Top of PROVIDED RECORDS

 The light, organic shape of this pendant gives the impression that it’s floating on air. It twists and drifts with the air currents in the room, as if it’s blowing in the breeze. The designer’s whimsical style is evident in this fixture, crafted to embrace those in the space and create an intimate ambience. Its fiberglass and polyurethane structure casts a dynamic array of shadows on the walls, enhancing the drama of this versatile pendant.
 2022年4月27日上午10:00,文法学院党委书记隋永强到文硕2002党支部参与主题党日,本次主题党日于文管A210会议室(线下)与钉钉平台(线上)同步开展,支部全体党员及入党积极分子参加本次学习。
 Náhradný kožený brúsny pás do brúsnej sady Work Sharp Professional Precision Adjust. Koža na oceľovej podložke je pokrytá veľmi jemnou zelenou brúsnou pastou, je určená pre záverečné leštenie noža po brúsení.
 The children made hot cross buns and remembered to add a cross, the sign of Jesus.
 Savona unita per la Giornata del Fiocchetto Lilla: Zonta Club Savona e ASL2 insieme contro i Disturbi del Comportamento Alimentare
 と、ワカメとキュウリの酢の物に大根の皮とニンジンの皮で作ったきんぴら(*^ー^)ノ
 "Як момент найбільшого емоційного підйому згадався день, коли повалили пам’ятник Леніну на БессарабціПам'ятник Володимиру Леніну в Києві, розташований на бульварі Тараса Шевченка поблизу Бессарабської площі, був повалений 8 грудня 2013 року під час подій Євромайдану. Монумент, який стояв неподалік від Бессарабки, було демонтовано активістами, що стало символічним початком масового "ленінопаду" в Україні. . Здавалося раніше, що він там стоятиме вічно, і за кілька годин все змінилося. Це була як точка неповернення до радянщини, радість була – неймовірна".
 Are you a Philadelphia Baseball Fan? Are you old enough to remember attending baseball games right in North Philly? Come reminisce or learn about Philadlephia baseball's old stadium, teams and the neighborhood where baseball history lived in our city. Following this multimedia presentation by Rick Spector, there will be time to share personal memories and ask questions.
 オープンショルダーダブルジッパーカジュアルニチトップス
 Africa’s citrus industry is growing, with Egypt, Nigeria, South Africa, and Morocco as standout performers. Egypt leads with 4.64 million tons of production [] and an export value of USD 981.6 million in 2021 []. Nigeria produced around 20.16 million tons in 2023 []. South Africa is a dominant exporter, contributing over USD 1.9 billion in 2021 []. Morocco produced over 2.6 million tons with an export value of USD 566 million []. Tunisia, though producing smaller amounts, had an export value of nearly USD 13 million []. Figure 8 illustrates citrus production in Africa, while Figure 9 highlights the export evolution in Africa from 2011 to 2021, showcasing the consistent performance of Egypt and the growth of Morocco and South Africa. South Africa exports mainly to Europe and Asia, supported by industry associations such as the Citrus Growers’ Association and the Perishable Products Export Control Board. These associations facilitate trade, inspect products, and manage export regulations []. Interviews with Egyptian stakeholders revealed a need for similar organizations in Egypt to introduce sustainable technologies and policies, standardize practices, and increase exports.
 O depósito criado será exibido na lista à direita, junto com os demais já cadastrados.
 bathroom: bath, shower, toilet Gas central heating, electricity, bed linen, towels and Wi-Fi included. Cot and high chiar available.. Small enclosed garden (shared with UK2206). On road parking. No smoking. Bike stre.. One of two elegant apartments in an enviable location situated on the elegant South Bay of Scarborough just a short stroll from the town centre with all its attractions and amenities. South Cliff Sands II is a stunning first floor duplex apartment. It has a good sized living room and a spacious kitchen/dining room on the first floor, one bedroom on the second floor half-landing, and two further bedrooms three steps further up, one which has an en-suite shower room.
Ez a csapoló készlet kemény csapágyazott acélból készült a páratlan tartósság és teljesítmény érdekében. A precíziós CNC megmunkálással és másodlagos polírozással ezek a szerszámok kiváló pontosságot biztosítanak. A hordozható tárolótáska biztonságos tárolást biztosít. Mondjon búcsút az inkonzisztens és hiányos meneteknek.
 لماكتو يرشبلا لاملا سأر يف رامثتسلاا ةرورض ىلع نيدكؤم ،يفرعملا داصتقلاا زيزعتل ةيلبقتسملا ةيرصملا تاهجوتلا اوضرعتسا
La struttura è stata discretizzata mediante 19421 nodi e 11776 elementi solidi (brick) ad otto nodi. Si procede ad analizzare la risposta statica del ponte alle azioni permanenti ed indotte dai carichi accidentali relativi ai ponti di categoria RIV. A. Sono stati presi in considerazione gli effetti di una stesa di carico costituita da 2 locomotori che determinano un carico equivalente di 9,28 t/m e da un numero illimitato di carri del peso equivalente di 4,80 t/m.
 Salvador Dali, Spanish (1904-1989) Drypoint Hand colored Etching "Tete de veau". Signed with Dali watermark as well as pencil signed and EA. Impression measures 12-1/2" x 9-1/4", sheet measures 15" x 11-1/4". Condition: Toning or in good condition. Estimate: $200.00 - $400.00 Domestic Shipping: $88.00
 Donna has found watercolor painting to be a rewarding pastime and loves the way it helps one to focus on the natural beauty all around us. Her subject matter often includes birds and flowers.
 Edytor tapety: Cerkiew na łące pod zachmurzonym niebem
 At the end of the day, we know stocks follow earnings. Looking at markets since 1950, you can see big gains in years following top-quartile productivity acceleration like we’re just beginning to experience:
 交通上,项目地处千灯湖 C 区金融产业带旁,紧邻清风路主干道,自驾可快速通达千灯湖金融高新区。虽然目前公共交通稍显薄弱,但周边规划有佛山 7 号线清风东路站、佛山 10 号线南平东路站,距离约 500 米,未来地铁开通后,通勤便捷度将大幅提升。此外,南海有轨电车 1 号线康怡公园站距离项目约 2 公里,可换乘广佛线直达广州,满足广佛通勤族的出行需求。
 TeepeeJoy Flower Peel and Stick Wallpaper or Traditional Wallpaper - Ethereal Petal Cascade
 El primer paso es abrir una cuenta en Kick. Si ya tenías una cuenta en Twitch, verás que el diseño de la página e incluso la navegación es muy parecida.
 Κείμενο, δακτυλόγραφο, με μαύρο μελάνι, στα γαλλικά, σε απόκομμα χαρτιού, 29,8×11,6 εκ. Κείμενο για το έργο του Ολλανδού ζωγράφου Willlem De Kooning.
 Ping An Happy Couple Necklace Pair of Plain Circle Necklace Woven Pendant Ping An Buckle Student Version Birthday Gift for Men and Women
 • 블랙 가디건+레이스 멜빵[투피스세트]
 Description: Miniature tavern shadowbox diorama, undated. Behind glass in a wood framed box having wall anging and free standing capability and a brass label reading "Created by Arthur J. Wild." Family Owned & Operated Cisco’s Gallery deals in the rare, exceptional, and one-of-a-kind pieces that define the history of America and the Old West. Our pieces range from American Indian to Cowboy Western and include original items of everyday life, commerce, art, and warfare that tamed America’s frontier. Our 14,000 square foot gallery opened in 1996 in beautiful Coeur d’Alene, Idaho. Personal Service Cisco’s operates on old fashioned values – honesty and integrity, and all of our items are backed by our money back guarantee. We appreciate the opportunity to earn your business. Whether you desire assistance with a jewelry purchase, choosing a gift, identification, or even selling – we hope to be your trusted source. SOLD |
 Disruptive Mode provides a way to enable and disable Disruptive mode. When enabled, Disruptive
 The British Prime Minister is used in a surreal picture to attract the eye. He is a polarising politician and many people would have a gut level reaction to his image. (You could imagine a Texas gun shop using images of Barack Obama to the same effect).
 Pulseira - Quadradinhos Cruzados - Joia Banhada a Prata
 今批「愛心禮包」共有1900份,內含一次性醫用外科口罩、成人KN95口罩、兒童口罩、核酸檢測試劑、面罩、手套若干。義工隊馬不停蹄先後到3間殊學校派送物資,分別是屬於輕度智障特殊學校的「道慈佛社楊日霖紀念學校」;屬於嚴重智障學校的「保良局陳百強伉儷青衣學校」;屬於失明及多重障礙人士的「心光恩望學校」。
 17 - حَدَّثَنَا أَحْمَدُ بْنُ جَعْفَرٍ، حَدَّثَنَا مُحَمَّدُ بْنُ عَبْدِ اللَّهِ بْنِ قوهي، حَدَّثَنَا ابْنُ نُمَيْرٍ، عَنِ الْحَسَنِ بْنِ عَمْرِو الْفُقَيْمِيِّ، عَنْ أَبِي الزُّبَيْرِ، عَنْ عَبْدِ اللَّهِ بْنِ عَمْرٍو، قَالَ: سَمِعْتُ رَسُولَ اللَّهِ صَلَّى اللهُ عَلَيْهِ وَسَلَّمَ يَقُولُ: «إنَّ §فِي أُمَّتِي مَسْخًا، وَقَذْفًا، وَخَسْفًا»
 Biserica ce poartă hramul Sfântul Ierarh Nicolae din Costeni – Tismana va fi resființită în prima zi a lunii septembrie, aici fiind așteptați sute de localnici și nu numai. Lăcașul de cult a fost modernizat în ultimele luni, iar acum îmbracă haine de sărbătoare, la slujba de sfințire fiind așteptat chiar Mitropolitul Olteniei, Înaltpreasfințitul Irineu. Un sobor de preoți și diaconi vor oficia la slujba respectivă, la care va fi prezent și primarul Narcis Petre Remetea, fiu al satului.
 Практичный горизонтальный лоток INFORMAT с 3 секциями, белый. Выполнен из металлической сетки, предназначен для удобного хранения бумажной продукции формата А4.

Bottom of PROVIDED RECORDS

In the data above, start at the line that has "момент найбільшого емоційного", stop after the line that has "オープンショルダーダブルジッパーカジュアルニチトップス", and print every line in between exactly as it stands.

 "Як момент найбільшого емоційного підйому згадався день, коли повалили пам’ятник Леніну на БессарабціПам'ятник Володимиру Леніну в Києві, розташований на бульварі Тараса Шевченка поблизу Бессарабської площі, був повалений 8 грудня 2013 року під час подій Євромайдану. Монумент, який стояв неподалік від Бессарабки, було демонтовано активістами, що стало символічним початком масового "ленінопаду" в Україні. . Здавалося раніше, що він там стоятиме вічно, і за кілька годин все змінилося. Це була як точка неповернення до радянщини, радість була – неймовірна".
 Are you a Philadelphia Baseball Fan? Are you old enough to remember attending baseball games right in North Philly? Come reminisce or learn about Philadlephia baseball's old stadium, teams and the neighborhood where baseball history lived in our city. Following this multimedia presentation by Rick Spector, there will be time to share personal memories and ask questions.
 オープンショルダーダブルジッパーカジュアルニチトップス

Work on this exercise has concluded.